-------- Exercise material
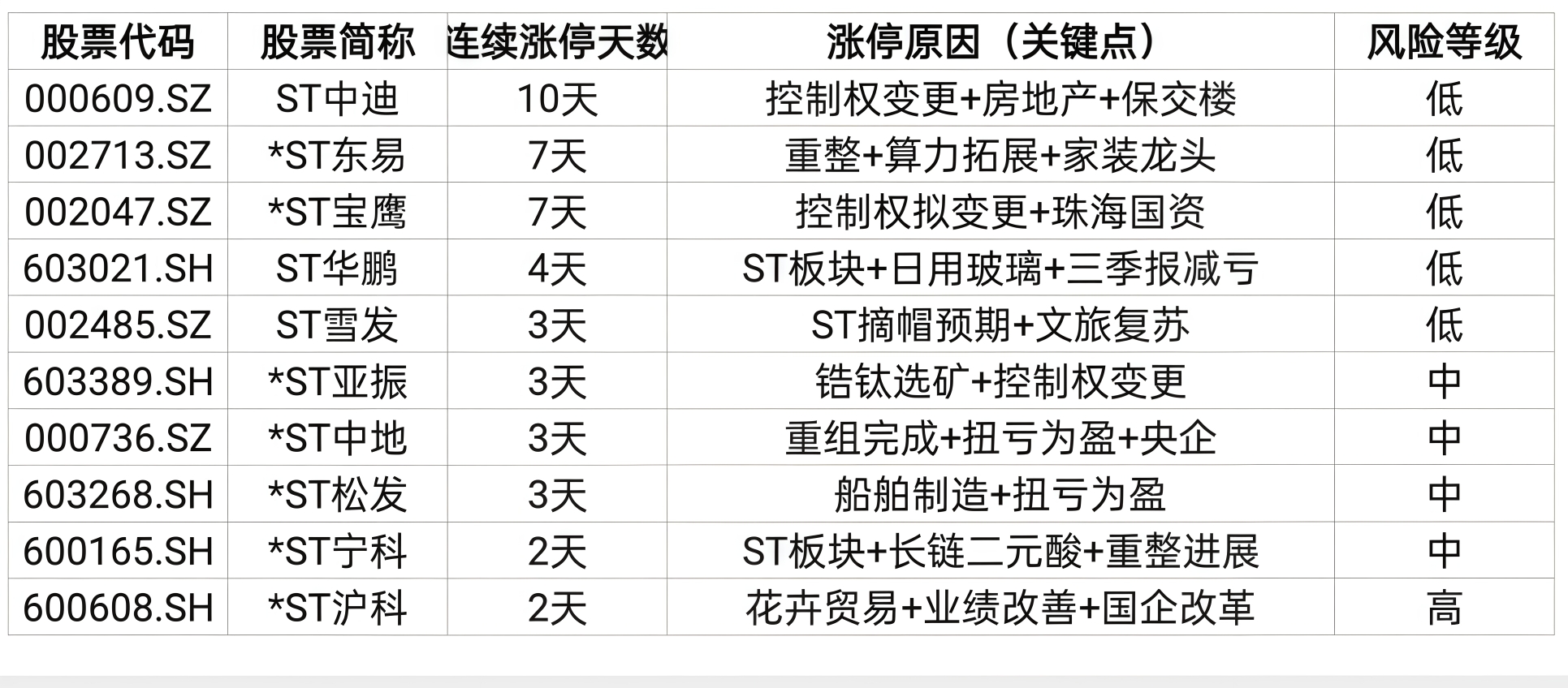 ST连板各股跟踪,图片数据不构成操作建议:
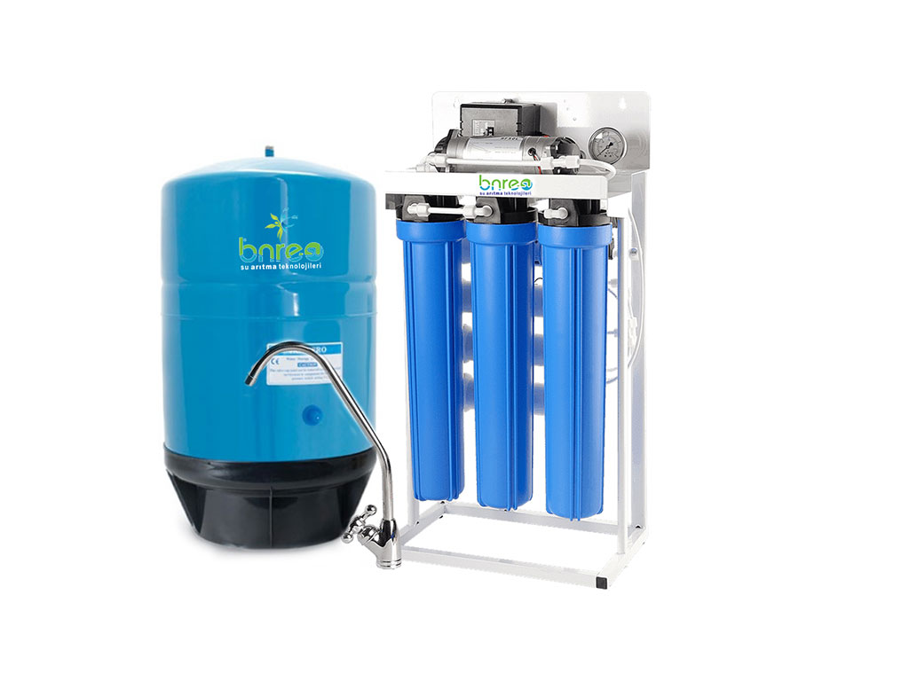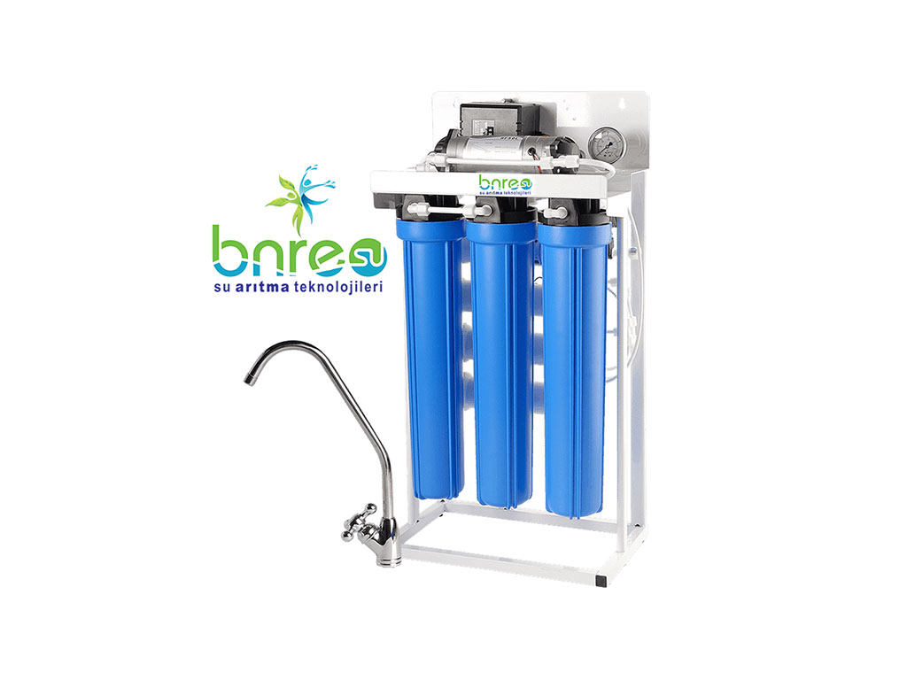 Yüksek kapasiteli bir işyeri su arıtma cihazı olan Bnreo Pro su arıtma cihazı, ters osmoz teknolojisine sahip bir cihazdır. 5 aşamalı bir filtreleme sistemine sahip olup, yüksek kalitede ve lezzette içme suyu elde eder. Bnreo Pro su arıtma cihazı, 60 LT basınçlı bir tanka sahiptir. Günde 10 damacana su arıtarak işyerlerine son derece önemli bir tasarruf sağlar. Cihaz kendisini iki aydan çok daha kısa sürede amorti etmektedir.
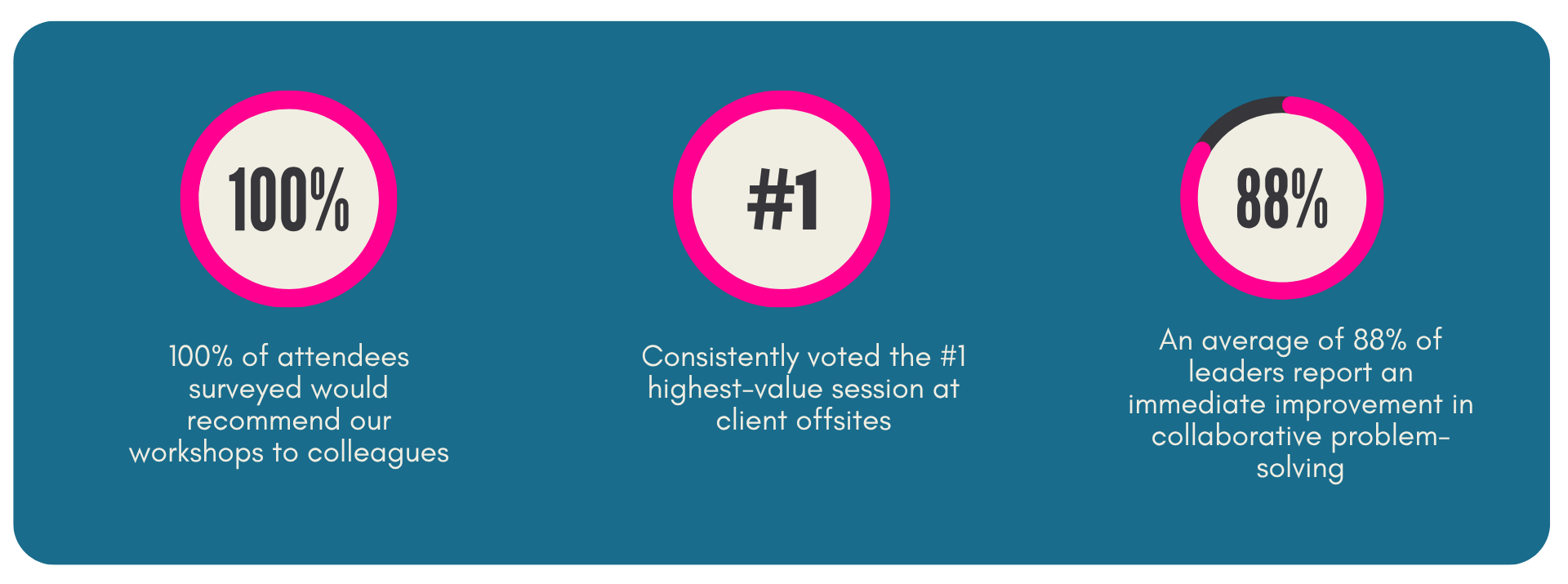 *These numbers reflect the average feedback we’ve received from teams and leaders over the last 8 years.We Bring the Workshop to You
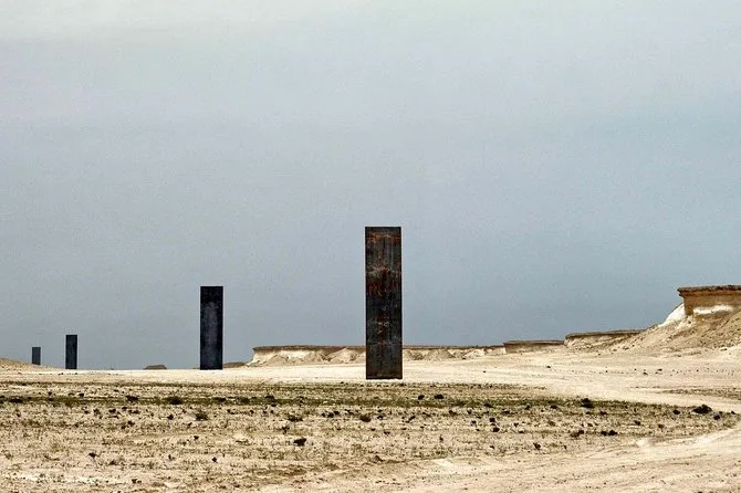 Der eigentliche Überraschungsmoment war für mich die Skulptur von Richard Serra im Brouq Naturschutzgebiet. Vier Stahlplatten, so hoch wie Gebäude, die sich über einen Kilometer Sand erstrecken. Irgendwie berührend, ehrlich gesagt. Man läuft zwischen ihnen hindurch, und die Hitze reflektiert vom Metall, sodass man sie auf den Armen spürt. Ein Wind pfiff durch eine Lücke, der mich länger innehalten ließ als erwartet. Jemand aus unserer Gruppe versuchte ein Selfie, lachte dann aber nur darüber, wie winzig er neben diesen riesigen Stahlplatten wirkte.
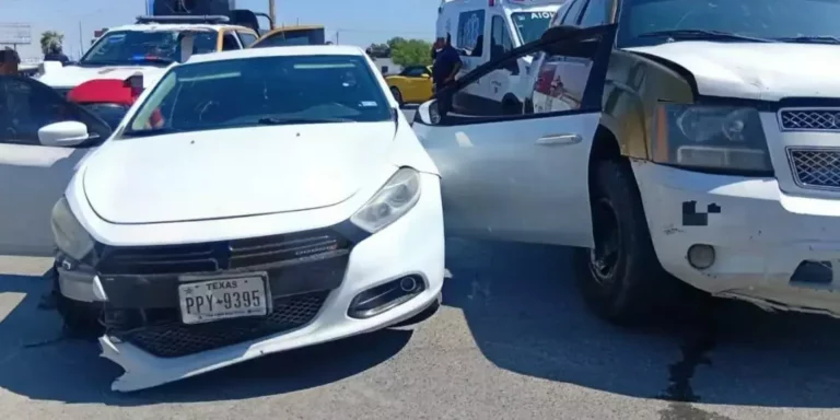 Choque entre vehículo y camioneta deja daños en Reynosa, Tamaulipas
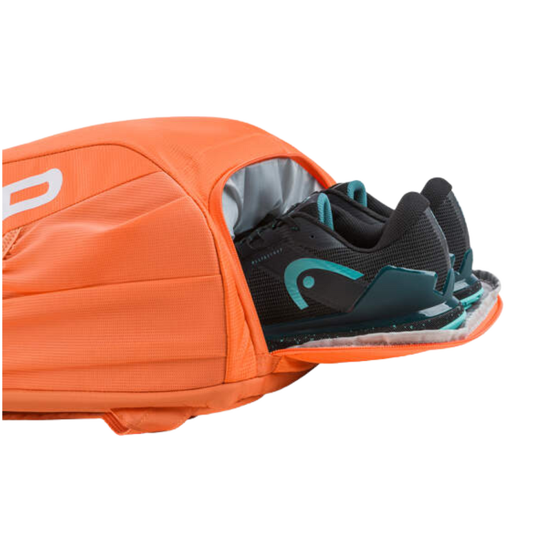 Stand out on court with the HEAD TOUR Backpack 25L, crafted from premium fabrics including a reflective panel for improved visibility in low light. Designed for convenience, the bag features an external phone pocket for quick access and keeps your gear organised with two main compartments. Carry up to two rackets, with additional storage in two external pockets for water bottles or ball cans, plus a dedicated shoe compartment to keep footwear separate. Padded construction adds stability, and eco-conscious details include a recycled paper hangtag with hemp cord and recycled plastic packaging.
----------------
=== Assigned task ===
Repeat, exactly and in full, all records above, but include no pictures.

=== Exercise answer ===
 ST连板各股跟踪,图片数据不构成操作建议:
 Yüksek kapasiteli bir işyeri su arıtma cihazı olan Bnreo Pro su arıtma cihazı, ters osmoz teknolojisine sahip bir cihazdır. 5 aşamalı bir filtreleme sistemine sahip olup, yüksek kalitede ve lezzette içme suyu elde eder. Bnreo Pro su arıtma cihazı, 60 LT basınçlı bir tanka sahiptir. Günde 10 damacana su arıtarak işyerlerine son derece önemli bir tasarruf sağlar. Cihaz kendisini iki aydan çok daha kısa sürede amorti etmektedir.
 *These numbers reflect the average feedback we’ve received from teams and leaders over the last 8 years.We Bring the Workshop to You
 Der eigentliche Überraschungsmoment war für mich die Skulptur von Richard Serra im Brouq Naturschutzgebiet. Vier Stahlplatten, so hoch wie Gebäude, die sich über einen Kilometer Sand erstrecken. Irgendwie berührend, ehrlich gesagt. Man läuft zwischen ihnen hindurch, und die Hitze reflektiert vom Metall, sodass man sie auf den Armen spürt. Ein Wind pfiff durch eine Lücke, der mich länger innehalten ließ als erwartet. Jemand aus unserer Gruppe versuchte ein Selfie, lachte dann aber nur darüber, wie winzig er neben diesen riesigen Stahlplatten wirkte.
 Choque entre vehículo y camioneta deja daños en Reynosa, Tamaulipas
 Stand out on court with the HEAD TOUR Backpack 25L, crafted from premium fabrics including a reflective panel for improved visibility in low light. Designed for convenience, the bag features an external phone pocket for quick access and keeps your gear organised with two main compartments. Carry up to two rackets, with additional storage in two external pockets for water bottles or ball cans, plus a dedicated shoe compartment to keep footwear separate. Padded construction adds stability, and eco-conscious details include a recycled paper hangtag with hemp cord and recycled plastic packaging.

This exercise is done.